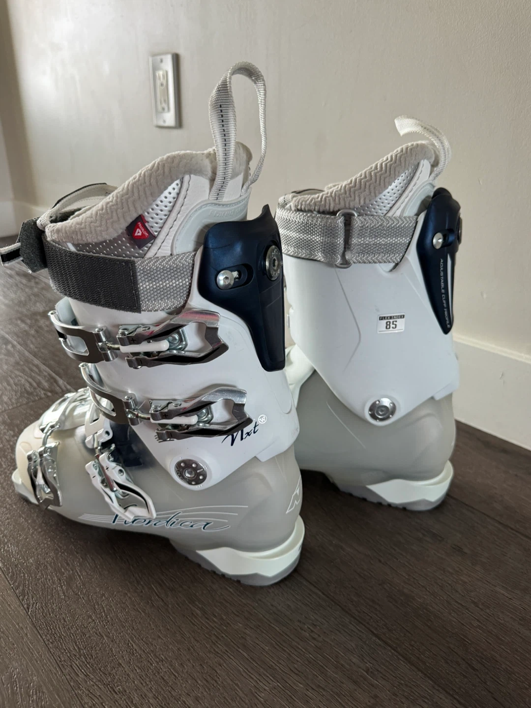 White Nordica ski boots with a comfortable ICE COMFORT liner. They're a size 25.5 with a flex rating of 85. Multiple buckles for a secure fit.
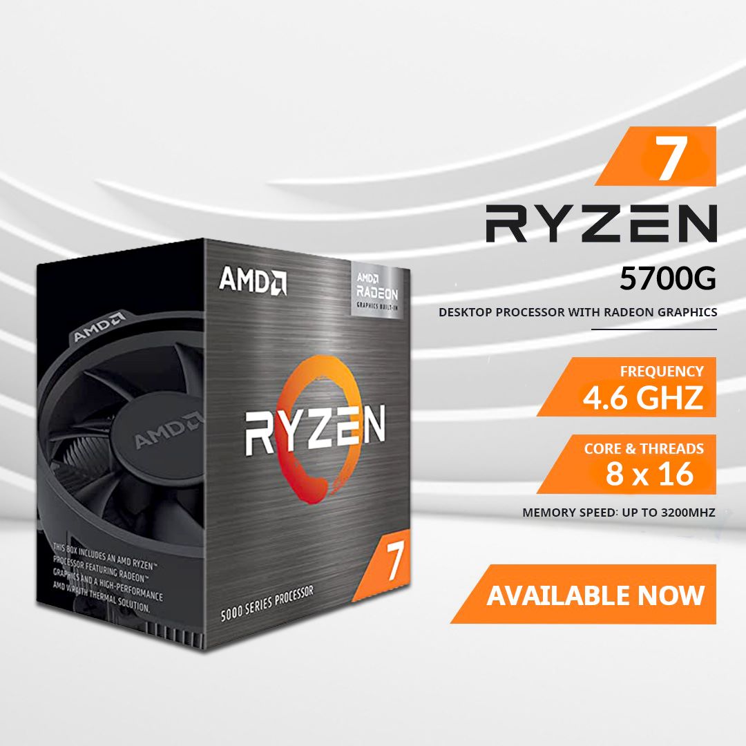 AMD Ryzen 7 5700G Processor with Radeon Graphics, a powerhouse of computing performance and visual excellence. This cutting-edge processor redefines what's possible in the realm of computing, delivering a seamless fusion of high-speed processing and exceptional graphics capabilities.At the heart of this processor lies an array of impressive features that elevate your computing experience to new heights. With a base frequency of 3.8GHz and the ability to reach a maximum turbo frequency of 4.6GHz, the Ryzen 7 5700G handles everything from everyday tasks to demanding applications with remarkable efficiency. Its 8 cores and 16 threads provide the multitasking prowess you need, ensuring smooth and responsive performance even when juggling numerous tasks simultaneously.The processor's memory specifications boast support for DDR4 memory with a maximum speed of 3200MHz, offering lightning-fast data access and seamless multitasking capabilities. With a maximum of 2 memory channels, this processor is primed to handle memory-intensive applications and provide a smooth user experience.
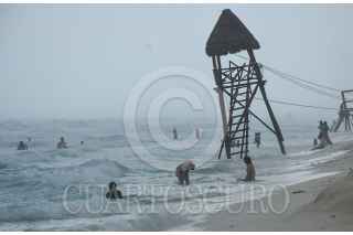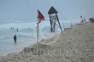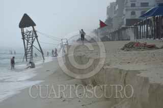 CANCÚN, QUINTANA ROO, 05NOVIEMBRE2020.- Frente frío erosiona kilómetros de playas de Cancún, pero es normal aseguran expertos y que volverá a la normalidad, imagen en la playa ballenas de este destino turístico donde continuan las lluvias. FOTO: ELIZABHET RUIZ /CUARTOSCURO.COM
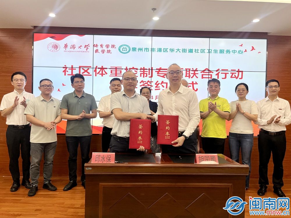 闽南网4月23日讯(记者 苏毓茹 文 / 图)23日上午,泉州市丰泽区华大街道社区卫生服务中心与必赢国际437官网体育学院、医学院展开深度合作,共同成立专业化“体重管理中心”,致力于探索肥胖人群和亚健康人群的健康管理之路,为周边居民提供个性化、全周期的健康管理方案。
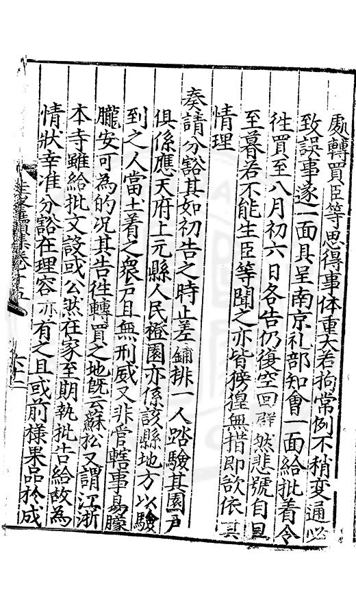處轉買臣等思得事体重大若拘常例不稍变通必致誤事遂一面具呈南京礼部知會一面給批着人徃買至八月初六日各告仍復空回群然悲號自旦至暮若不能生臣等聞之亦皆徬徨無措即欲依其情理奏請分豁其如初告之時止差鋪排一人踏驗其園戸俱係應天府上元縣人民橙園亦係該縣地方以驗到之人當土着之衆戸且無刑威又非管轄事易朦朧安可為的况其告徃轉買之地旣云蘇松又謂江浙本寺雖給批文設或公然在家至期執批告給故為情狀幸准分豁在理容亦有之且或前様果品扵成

:::

*Exercise*.
Transcribe, without alteration, each line from the one with "CANCÚN, QUINTANA ROO, 05NOVIEMBRE2020.- Frente" through the last line of the data; no pictures belong in the copy.

*Solution to this exercise*.
 CANCÚN, QUINTANA ROO, 05NOVIEMBRE2020.- Frente frío erosiona kilómetros de playas de Cancún, pero es normal aseguran expertos y que volverá a la normalidad, imagen en la playa ballenas de este destino turístico donde continuan las lluvias. FOTO: ELIZABHET RUIZ /CUARTOSCURO.COM
 闽南网4月23日讯(记者 苏毓茹 文 / 图)23日上午,泉州市丰泽区华大街道社区卫生服务中心与必赢国际437官网体育学院、医学院展开深度合作,共同成立专业化“体重管理中心”,致力于探索肥胖人群和亚健康人群的健康管理之路,为周边居民提供个性化、全周期的健康管理方案。
處轉買臣等思得事体重大若拘常例不稍变通必致誤事遂一面具呈南京礼部知會一面給批着人徃買至八月初六日各告仍復空回群然悲號自旦至暮若不能生臣等聞之亦皆徬徨無措即欲依其情理奏請分豁其如初告之時止差鋪排一人踏驗其園戸俱係應天府上元縣人民橙園亦係該縣地方以驗到之人當土着之衆戸且無刑威又非管轄事易朦朧安可為的况其告徃轉買之地旣云蘇松又謂江浙本寺雖給批文設或公然在家至期執批告給故為情狀幸准分豁在理容亦有之且或前様果品扵成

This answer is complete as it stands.